A stop at the jumping Cholla Cactus Garden. I have never seen so many in one place. There are many warnings to stay on the trail. The jumping cholla can attach to you pant leg without you knowing it.
We finally arrived at our campground, Jumbo Rocks. I was expecting some big rocks here and there but these are gigantic. I think this little guy is a Desert Woodrat. He watched every move we made while setting up camp. The elevation at Jumbo Rocks is a little over 4,200 feet. Very cool at night, once is was down to 37 degrees and then warms up during the day to the mid 70's. Anything in this area above 3,000 feet is considered the Mojave Desert and has a completely different habitat. There are pinyon pines,junipers, scrub oaks, Mojave yuccas and Mojave prickly pear cacti. What truly tells you that you are in the Mojave Desert is the wild-armed Joshua Tree, which really isn't a tree but a species of the yucca. After they are established they grow only an inch a year and can be as tall as 40 feet with many arms.

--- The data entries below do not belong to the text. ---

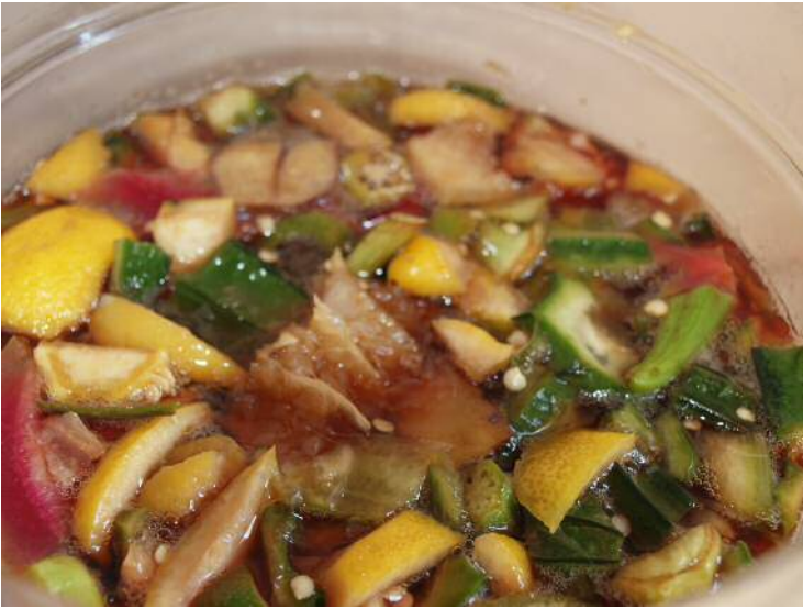
發酵了兩天的環保酵素
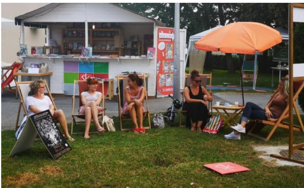
Od legende do Suhopoljske KUL. plaže

2016. godine, kada je ova manifestacija u Suhopolju organizirana po prvi puta, organizatori su posebnu pažnju pridali načinu oglašavanja i marketingu, kako bi se privukao što veći broj posjetitelja. Udruga, kao neprofitna organizacija, nerijetko se priklanja raznim nekonvencionalnim i financijski pristupačnim načinima oglašavanja koji iziskuju kreativnost i inovativnost, kako bi se istakli u masi. Isti se princip iskoristio i za Suhopoljsku KUL. plažu, čiji se marketing utemeljio na legendi o grofu Jankoviću, čiji je sin poželio imati plažu.
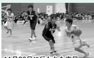
11月23日に行われた市民体育祭でも、両チームが対戦

優勝を果たした、南古谷アクロスと武蔵野ミニバス。11月9日に行われた代表決定戦で、県代表2チームの座を市内の両チームが獲得しました。南古谷アクロスは組織力、武蔵野ミニバスは攻撃力が自慢。市内で互いに競い合って強くなった両チームは、1月に行われる関東大会でも上位を目指します。
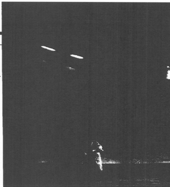
"Residuals" (arriba) y "Alfons IV", interesantes montajes víctimas de una sarcástica programación.

Digamos, para terminar, que junio, con sus más de cien millones de recaudación, sus casi 63.000 espectadores (los mismos que el año pasado, pero con una oferta muy inferior) y una ocupación global del 0,47, que refleja positivamente la desaparición de las 1.212 bucatas casi siempre vacías del Apolo, también se ha situado en una zona más propia de la alta temporada que de la
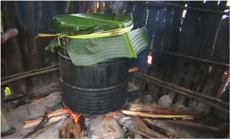
ፎቶ ግራፍ 18 ለተስካር ማውጫ የሚሆን ቦርዴ ሲቀቀል

ወራሹ የሚችን ተስካር ለማውጣት ይዘጋጃል። ሚች ሴት ከሆኑ ደግሞ ባል ተስካር ያወጣሉ። ባል ከሌሉ ደግሞ ልጆች ተስካሩን ያወጣሉ። ተስካሩ የሚደረገው ለእድሜ ባለጸጎችና ለጎልማሶች/ትዳር/ ላላቸው ነው። ተስካሩ የሚወጣበት ጊዜ ሚች ከሞተ በአርባኛው ቀን ወይም በሰማንያኛው ቀን ነው። የተስካሩን ጊዜ የሚወስነው ተስካር አውጪው ባለው አቅም የሚወሰን ነው። በአብዛኛው በአርባኛው ቀን ተስካር ያወጣሉ። ለተስካሩ የሚያስፈልገው ቦርዴ የተባለውን መጠጥ ማዘጋጀት ብቻ ነው። ነገር ግን በብዛት መዘጋጀት አለበት። የሚመጣው ሰው ስለማይታወቅ ነው። በብሄረበቡ ዘንድ ቦርዴ የተባለው መጠጥ እንደ ምግብ የሚያገለግል ነው።
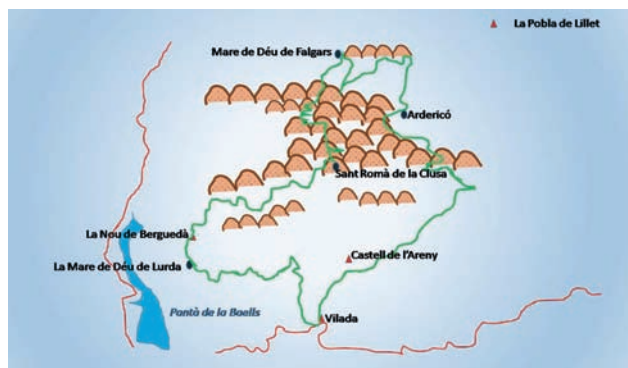
MAPA DE LA RUTA

Sortim de Vilada per una pista ampla que s'enfila primer cap nord-oest i després cap a nord, en direcció a les muntanyes que tenim davant. El camí és fàcil entre boscos espesos de pins i algun prat i fa que avancem ràpid. S'anomena el camí de la Clusa. Arribem a Can Comelles, una casa molt maca que és troba a la
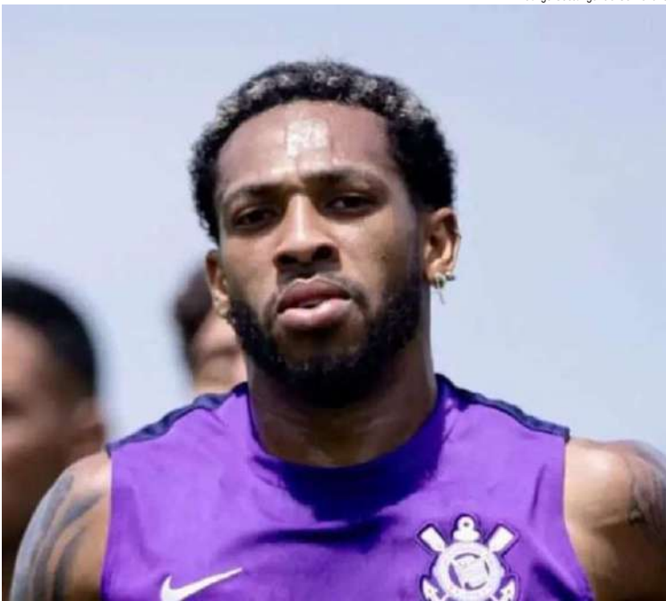
Rodrigo Coca/Agência Corinthians
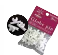
グローブピン (20本入) 単品 ¥1,320
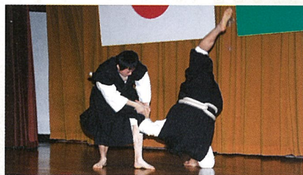
少林寺拳法は、昭和22年日本で創設された護身の技術です。 (横芝敬愛高校少林寺拳法部 1/9:町新年交歓会)
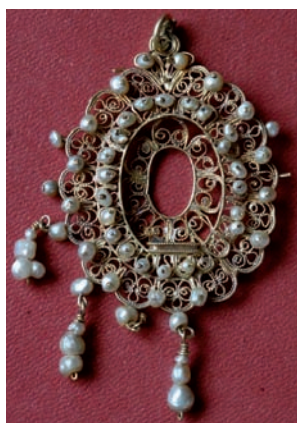
Fig. 50. Medallón-relicario de filigrana, c. 1700-1725. Oro esmaltado, perlas y cristal de roca.
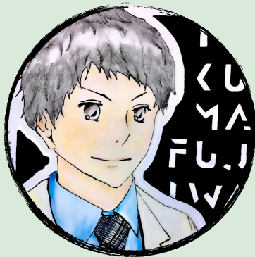
上の似顔絵は、中学校勤務時に卒業生が描いてくれたもの

私自身のことについて、まずは簡単に自己紹介をさせてください。私が協力隊になるまでの経歴や動機が、協力隊事業に関心をもつ全ての人の参考になれば幸いです。

Rock climber, is he crazy? I think so.
Whew! he made it
There are many hiking trails, I even got Joe to go out on a couple of them
This one is getting heavy.
This is a big one, Joe is 6'
Joe can always find a chair
This is one of those set the timer and then run to get in the picture. It usually takes me about three tries because I start laughing so much
We took a drive up to what is called Key's View. The views were magnificent. The far away mountain top is Mount San Jacinto, 10,800 feet, the mountain we were on was only a little over 5,000 feet. The cloud under it is moisture from all the farming in the Coachella Valley and just plain old smog from the LA basin
Our evening campfire and dinner, I guess we are still tent campers at heart. These were the really good kind of hot dogs, Hebrew National.